I began to question my faith in High School, which coincided with an increase in sin and rebellion in my life, which, in turn, coincided with getting my driver’s license. One spiritual highlight occurred, however, when I attended the National Youth Gathering for the ELCA churches in 1991. Tony Campolo spoke during one of the sessions and challenged us to give our careers to the service of others rather than ourselves. For instance, a lawyer should represent the truly oppressed in society who cannot pay for good legal defense; doctors should go to the really needy areas of the world to serve. This call to service really resonated with me, and has continued to influence my decisions.
My questions continued to build, and I enjoyed talking about spiritual things with my peers. One of my friends said I had to talk to this guy she met named “Shadow.” He was an odd kid, a “goth kid” before there was such a thing. We talked about all sorts of things, from philosophy to the occult. Then he looked me in the eye and spoke a word, and suddenly it’s like I was no longer there. Instead, I had the sense of overwhelming remorse, the kind one feels concerning the horrors of the holocaust. I then felt an evil presence, laughing at the whole thing. Then suddenly it was over, and I snapped back to reality. I left as quickly as I could, and never saw Shadow again. During my greatest seasons of questioning, that encounter continued to drive me on because I knew for sure that an evil supernatural force existed; I hoped that all I had learned as a child about an all-powerful good force was true as well.
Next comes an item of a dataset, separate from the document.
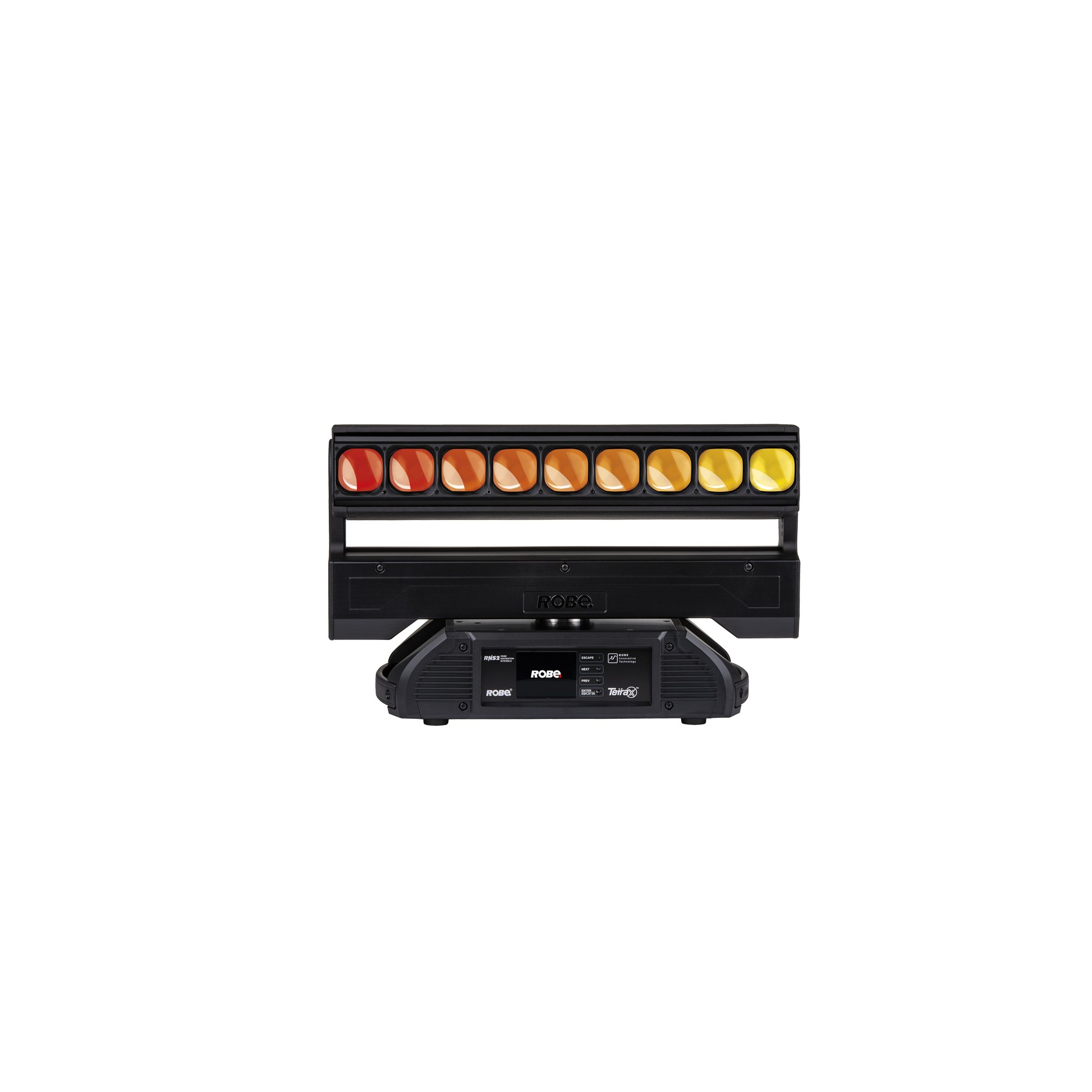 • Setting & Addressing: QVGA Robe touch screen with battery backup, gravitation sensor for auto screen positioning, operation memory service log with RTC, stand-alone operation with 3 editable programs (each up to 88 steps), built-in analyser for easy fault finding
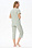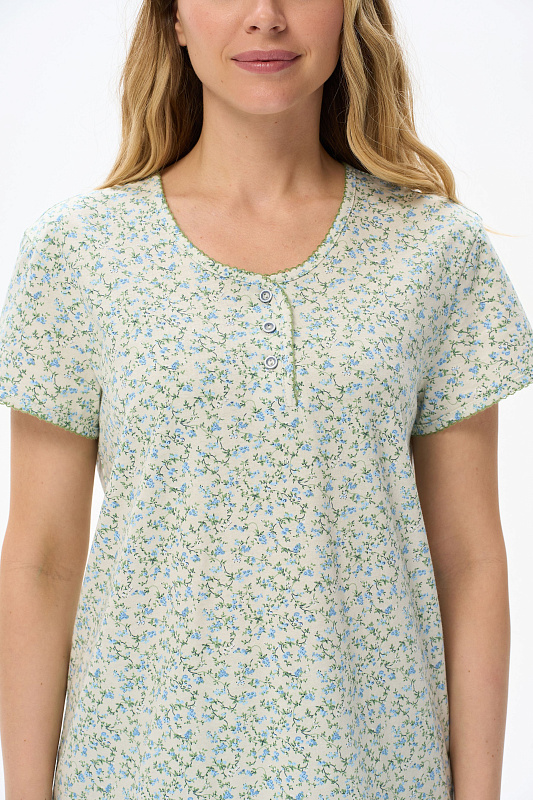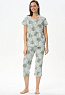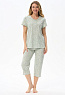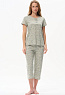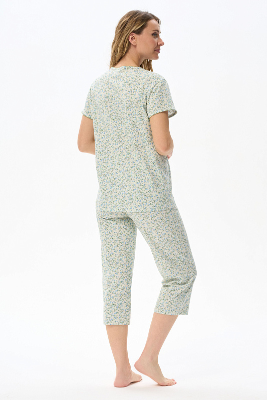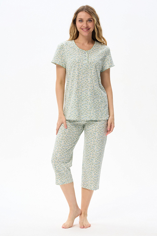 Пижама из хлопкового полотна. Верх свободного силуэта, круглый вырез горловины с застежкой на пуговицы, втачные короткие рукава. Вырез горловины и низ рукавов декорированы фестонами контрастного цвета. Прямые бриджи, пояс на резинке. Рост модели на фото 175см

As I entered college, my Dad began praying daily for me. In the spring of 1994 I began to take bike rides out to a secluded spot in the woods to sit and think. In the silence of those moments, God began to influence me, drawing me to Himself. I was wrestling with a decision over whether to take a summer job in a Print Shop and use my free time to direct a play, or instead to take a position as a camp counselor at a Lutheran summer camp. To my own surprise, I found myself accepting the counselor position.
That summer God awakened something inside of me. I began the summer with the affirmation that I was just beginning to believe again. After twelve weeks leading kids in daily Bible studies, songs, and worship, my faith got from my head down into my heart. I ended the summer with a conviction of the Truth. The turning point came when people started asking me if I would come back the following summer.
“I’d like to,” I answered, “but I should really get an internship next summer so I can get a good job once I get out of college. But I’d really rather come back here because I’d rather minister to kids.” Then it dawned on me: if I preferred ministry for the summer, what would ever make me think that I would want something different for the rest of my life? That decision affected my entire destiny.